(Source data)

= = = = =

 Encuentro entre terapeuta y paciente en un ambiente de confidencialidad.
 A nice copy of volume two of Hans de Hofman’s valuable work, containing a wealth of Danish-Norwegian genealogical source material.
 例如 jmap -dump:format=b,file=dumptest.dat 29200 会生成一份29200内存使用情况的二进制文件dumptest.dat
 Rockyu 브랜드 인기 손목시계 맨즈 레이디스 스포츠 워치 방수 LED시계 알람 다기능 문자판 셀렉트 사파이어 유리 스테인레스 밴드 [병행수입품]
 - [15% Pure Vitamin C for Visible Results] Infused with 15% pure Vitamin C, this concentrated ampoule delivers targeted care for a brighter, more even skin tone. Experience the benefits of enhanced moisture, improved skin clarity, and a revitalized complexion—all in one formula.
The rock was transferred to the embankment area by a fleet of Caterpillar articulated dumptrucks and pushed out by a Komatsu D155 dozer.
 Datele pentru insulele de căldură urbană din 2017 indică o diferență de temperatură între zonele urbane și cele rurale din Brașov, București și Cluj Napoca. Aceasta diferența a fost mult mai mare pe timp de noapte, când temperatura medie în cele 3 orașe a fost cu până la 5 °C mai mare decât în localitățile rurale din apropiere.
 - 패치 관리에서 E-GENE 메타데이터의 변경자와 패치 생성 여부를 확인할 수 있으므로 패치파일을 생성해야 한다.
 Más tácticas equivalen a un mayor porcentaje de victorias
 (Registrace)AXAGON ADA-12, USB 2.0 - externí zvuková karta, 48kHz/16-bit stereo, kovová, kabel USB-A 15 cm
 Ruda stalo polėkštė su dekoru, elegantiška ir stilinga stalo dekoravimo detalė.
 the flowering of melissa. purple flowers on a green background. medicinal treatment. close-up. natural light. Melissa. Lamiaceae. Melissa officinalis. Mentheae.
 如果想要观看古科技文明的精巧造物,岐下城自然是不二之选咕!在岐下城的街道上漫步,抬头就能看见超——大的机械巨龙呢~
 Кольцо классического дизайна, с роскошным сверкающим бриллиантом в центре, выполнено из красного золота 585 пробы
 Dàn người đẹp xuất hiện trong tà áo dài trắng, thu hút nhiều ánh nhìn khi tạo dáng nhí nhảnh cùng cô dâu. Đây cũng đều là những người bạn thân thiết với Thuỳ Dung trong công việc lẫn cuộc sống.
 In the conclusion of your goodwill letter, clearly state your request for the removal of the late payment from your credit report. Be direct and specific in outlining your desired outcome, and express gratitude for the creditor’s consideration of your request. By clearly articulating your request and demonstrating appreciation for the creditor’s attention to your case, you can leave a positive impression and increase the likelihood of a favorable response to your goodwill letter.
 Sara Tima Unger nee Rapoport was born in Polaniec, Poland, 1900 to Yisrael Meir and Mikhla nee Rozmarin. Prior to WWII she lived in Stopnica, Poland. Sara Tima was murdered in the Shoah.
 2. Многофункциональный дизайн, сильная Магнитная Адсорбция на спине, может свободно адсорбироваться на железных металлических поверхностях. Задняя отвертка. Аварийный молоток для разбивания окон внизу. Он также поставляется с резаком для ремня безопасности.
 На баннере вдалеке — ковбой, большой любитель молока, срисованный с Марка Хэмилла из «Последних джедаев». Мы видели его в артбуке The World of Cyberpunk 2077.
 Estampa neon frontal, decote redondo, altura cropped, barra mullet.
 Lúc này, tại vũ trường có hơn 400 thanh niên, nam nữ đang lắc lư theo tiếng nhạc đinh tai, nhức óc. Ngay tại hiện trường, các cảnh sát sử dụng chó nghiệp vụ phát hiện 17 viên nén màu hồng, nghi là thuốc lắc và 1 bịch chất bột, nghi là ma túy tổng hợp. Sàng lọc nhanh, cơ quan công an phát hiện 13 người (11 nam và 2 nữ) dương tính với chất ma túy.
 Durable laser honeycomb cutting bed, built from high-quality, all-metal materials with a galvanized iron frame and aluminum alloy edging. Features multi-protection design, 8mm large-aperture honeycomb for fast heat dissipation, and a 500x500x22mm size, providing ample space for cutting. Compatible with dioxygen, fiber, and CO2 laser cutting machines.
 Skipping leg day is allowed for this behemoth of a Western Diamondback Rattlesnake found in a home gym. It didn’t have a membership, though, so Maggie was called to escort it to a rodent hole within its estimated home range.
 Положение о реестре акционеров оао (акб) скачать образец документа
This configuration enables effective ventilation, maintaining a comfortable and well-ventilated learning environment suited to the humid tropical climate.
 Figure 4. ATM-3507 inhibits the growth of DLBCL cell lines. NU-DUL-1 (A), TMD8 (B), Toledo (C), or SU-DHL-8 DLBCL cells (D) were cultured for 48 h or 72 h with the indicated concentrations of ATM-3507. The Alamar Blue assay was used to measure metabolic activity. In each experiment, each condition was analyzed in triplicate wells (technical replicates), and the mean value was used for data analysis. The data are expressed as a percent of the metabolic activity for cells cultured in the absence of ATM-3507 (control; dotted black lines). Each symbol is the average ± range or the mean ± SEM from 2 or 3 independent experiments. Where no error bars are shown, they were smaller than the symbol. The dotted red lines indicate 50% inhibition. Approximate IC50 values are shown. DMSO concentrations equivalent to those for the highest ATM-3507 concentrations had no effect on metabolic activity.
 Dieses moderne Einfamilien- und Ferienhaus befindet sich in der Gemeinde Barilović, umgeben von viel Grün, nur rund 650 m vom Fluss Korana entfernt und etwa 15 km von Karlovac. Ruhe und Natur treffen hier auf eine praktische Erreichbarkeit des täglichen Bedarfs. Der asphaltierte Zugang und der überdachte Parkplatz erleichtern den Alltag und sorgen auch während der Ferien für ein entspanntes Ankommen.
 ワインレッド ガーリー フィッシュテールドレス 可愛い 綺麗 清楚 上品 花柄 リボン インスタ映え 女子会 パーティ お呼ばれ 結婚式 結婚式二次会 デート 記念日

= = = = =

• [The task] Beginning at the first line of the records, give again each line exactly as written, ending with the line that contains "Rockyu 브랜드 인기".

• [Task result]
 Encuentro entre terapeuta y paciente en un ambiente de confidencialidad.
 A nice copy of volume two of Hans de Hofman’s valuable work, containing a wealth of Danish-Norwegian genealogical source material.
 例如 jmap -dump:format=b,file=dumptest.dat 29200 会生成一份29200内存使用情况的二进制文件dumptest.dat
 Rockyu 브랜드 인기 손목시계 맨즈 레이디스 스포츠 워치 방수 LED시계 알람 다기능 문자판 셀렉트 사파이어 유리 스테인레스 밴드 [병행수입품]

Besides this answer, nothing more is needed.